Automation includes finding the best products that can integrate into all of your service channels and programs. Seems simple enough in theory, and automation is obviously the way to improve efficiencies. However, as compliance geeks, the back of our minds is still remembering that automation cannot and will never substitute for knowledge.
An example of this one is that your organization has an automated process in place to issue disclosures within three business days of receipt of all six items required under TRID. What happens if there is a power outage and the program stops functioning or there is a programming hiccup that corrupts the calendar? Leap year comes to mind or even the hoops we jumped through for Y2K. Backup processes, including manual intervention, should be in place to ensure compliance requirements are met. I am still thinking through the additional sub-concept of “Fulfillment Intelligence” that includes “final not finalized reports.” Wouldn’t that be a preliminary report?
THE THREE C’S
Communication—Compliance communication begins at the top. An organization’s leaders must establish its ethical tone and state its values, then communicate these clearly to all personnel. Employees must receive a clear and consistent message.

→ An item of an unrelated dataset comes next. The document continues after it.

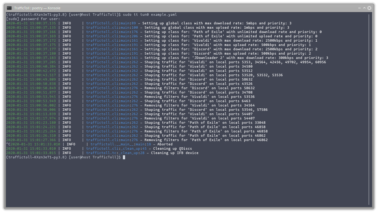 # tt enp3s0 night.yaml --delay 0.5(regular interface, check every half second for change in networked processes)# tt tun0 day.yaml --logging-level DEBUG(VPN interface, adjust logging level to DEBUG)
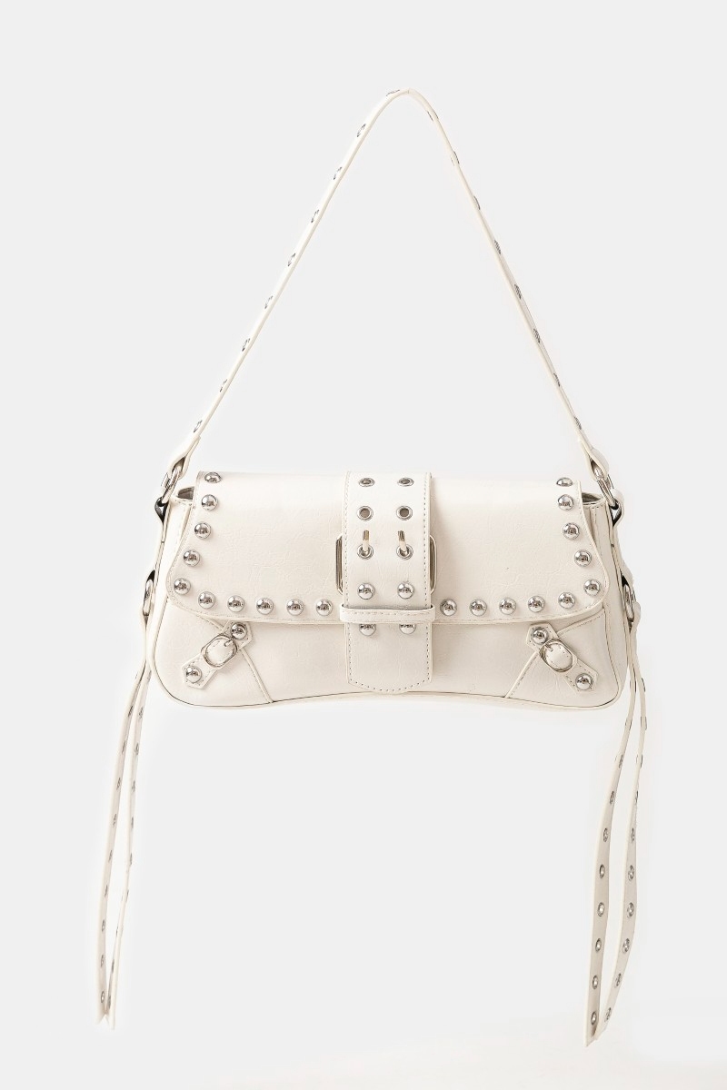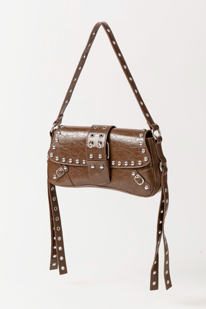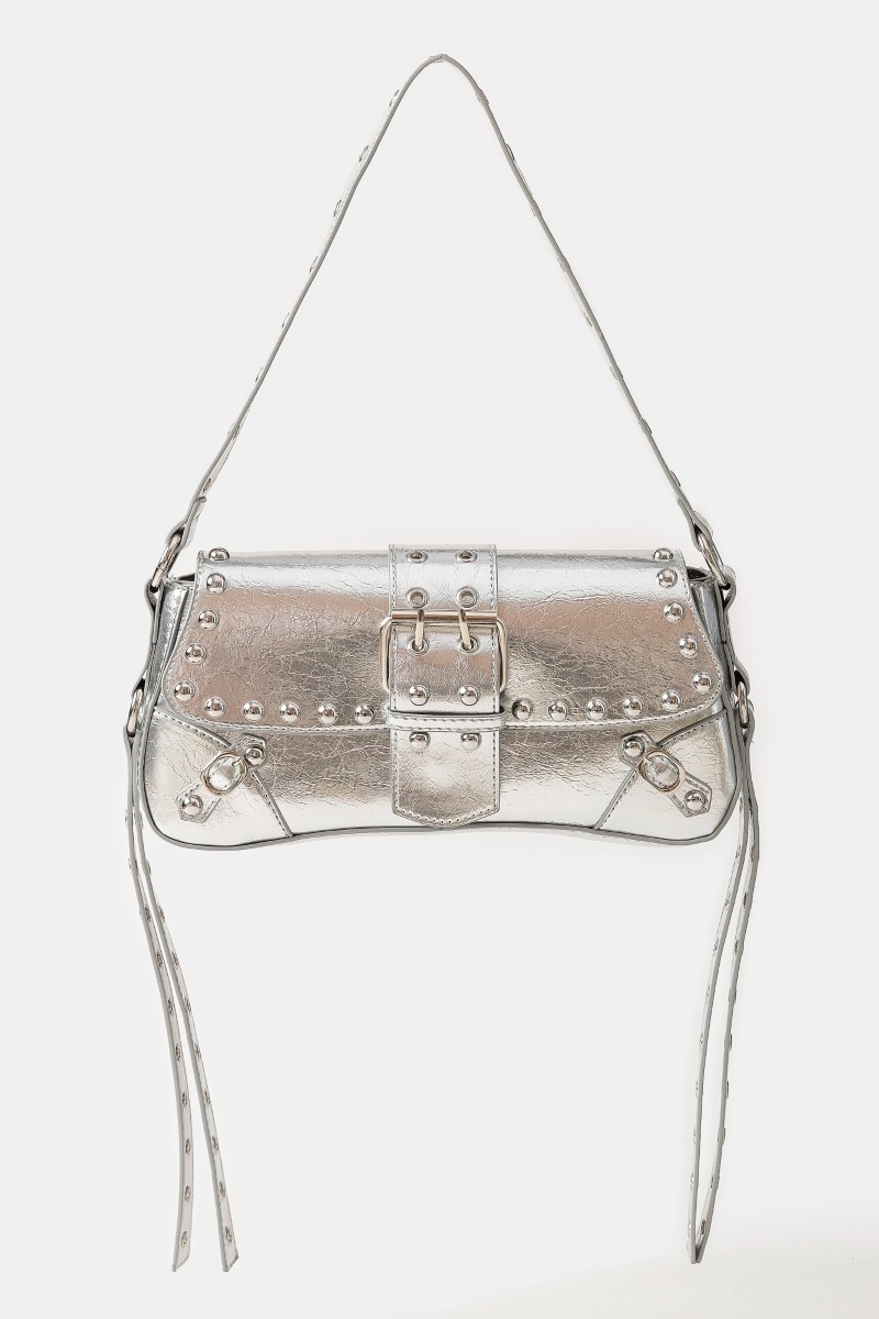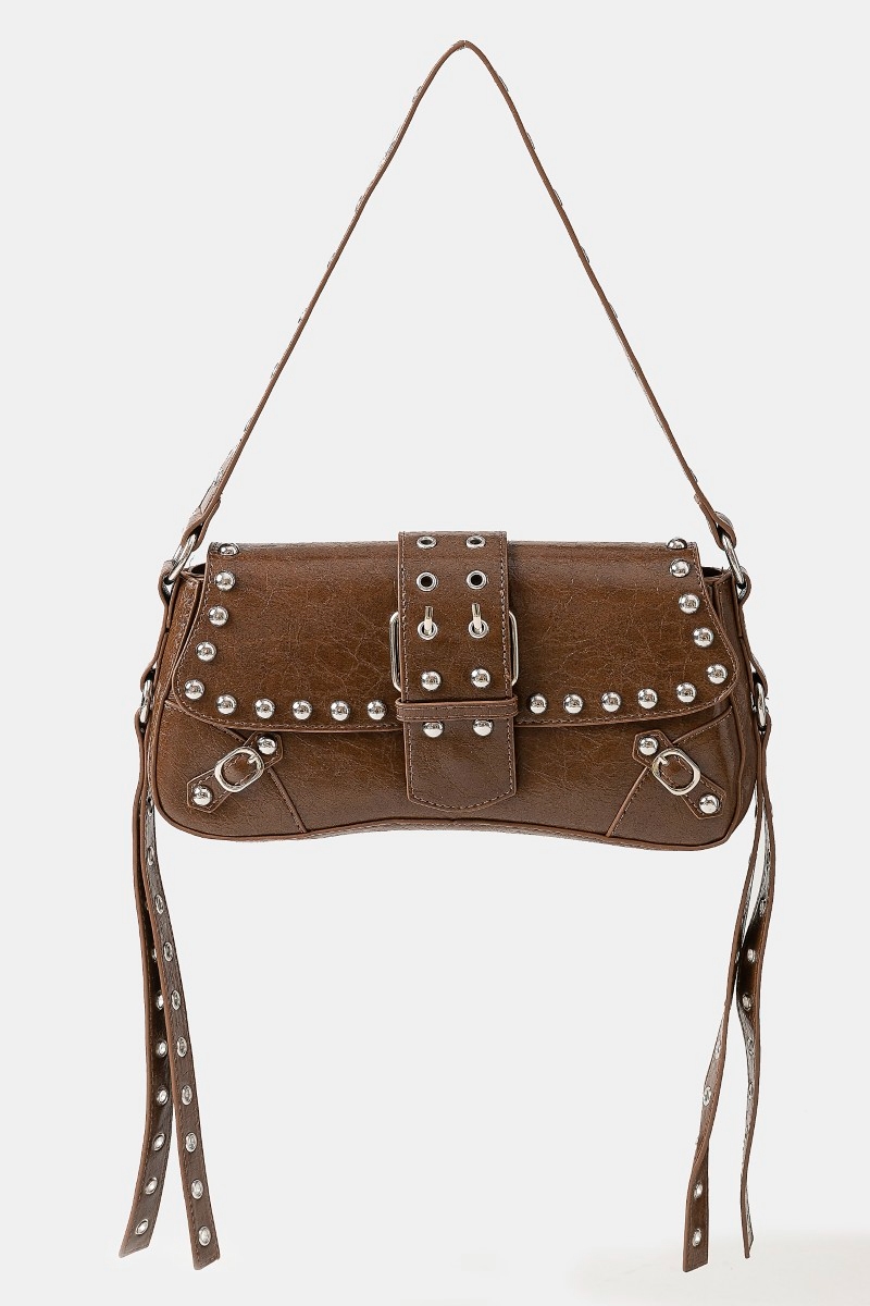 - This shoulder bag adds a modern glossy faux leather rivet trim style. Immerse yourself in the world of understated glamour as this shoulder bag effortlessly exudes timeless appeal.

Confirmation—Automated business systems function as they are programmed, without regard to error. A financial institution must make a commitment to building checks and balances into systems for accuracy and completeness. Confirmation contributes to confidence that the compliance system is performing as desired and that bank staff is performing suitably.
Correction—Financial institutions must put processes in place to effectively handle compliance incidents that are detected, identify root cause(s) to violations or operational errors, and address the root cause(s) of each problem to preclude recurrence. Robust processes for correction build integrity into the compliance culture.
Everyone at a financial institution is responsible, in some part, for the strength and integrity of the compliance culture. While automation rises with the demands of consistency, cost effectiveness, and efficiency, compliance culture boils down to people.
So, while the C-Suite is investing in sales and operations, make sure you are investing in yourself. We need to be aware of the initiatives so we can dedicate our continuing education and growth on the background compliance aspects of those initiatives. Risk management is foremost the most important thing a company can invest in -- or at least in my mind it is.